To assess the efficacy and safety of rituximab in adults responding poorly to standard treatment for severe autoimmune thrombotic thrombocytopenic purpura.
Open-label prospective study. Outcomes in the survivors were compared to those of 53 historical survivors who were given therapeutic plasma exchange alone or with vincristine.
Hospitals belonging to the Reference Network for Thrombotic Microangiopathies in France.
Twenty-two adults with either no response or a disease exacerbation when treated with intensive therapeutic plasma exchange.
Add-on rituximab therapy, four infusions over 15 days.

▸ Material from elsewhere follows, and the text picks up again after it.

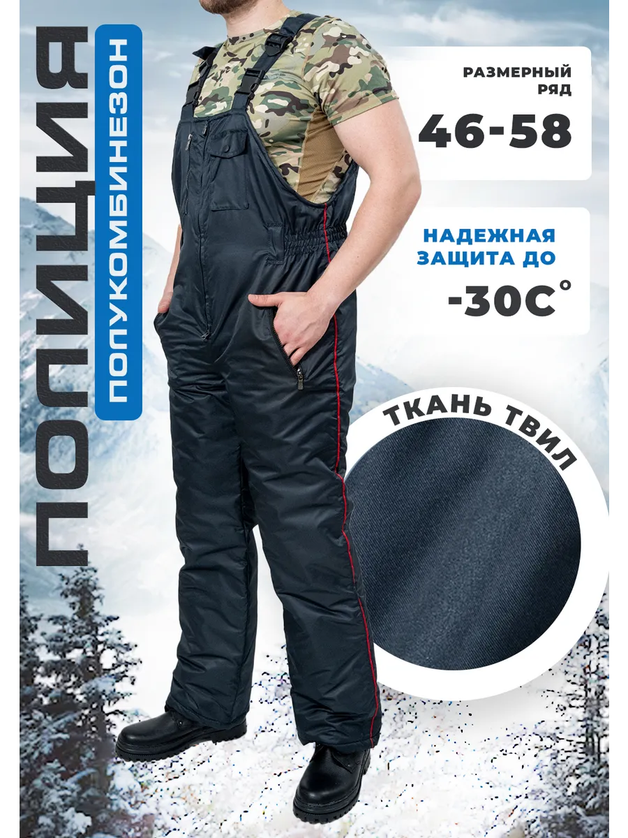 Зимний полукомбинезон «Полиция» (твил/файбертек) имеет следующее описание:

Measurements and Main Results:
One patient died despite two rituximab infusions. In the rituximab-treated patients, the time to a durable remission was significantly shortened (p = .03), although the plasma volume required to achieve a durable remission was not significantly different compared to the controls. Platelet count recovery occurred within 35 days in all 21 survivors, compared to only 78% of the historical controls (p < .02). Of the rituximab-treated patients, none had a relapse within the first year but three relapsed later on. In patients treated with rituximab, a rapid and profound peripheral B-cell depletion was produced, lasting for 9 months and correlating with higher a disintegrin and metalloproteinase with thrombospondin-13 activity and lower anti-a disintegrin and metalloproteinase with thrombospondin-13 antibody titers. These differences were no longer significant after 12 months. No severe side effects occurred.
Adults with severe thrombocytopenic purpura who responded poorly to therapeutic plasma exchange and who were treated with rituximab had shorter overall treatment duration and reduced 1-yr relapses than historical controls.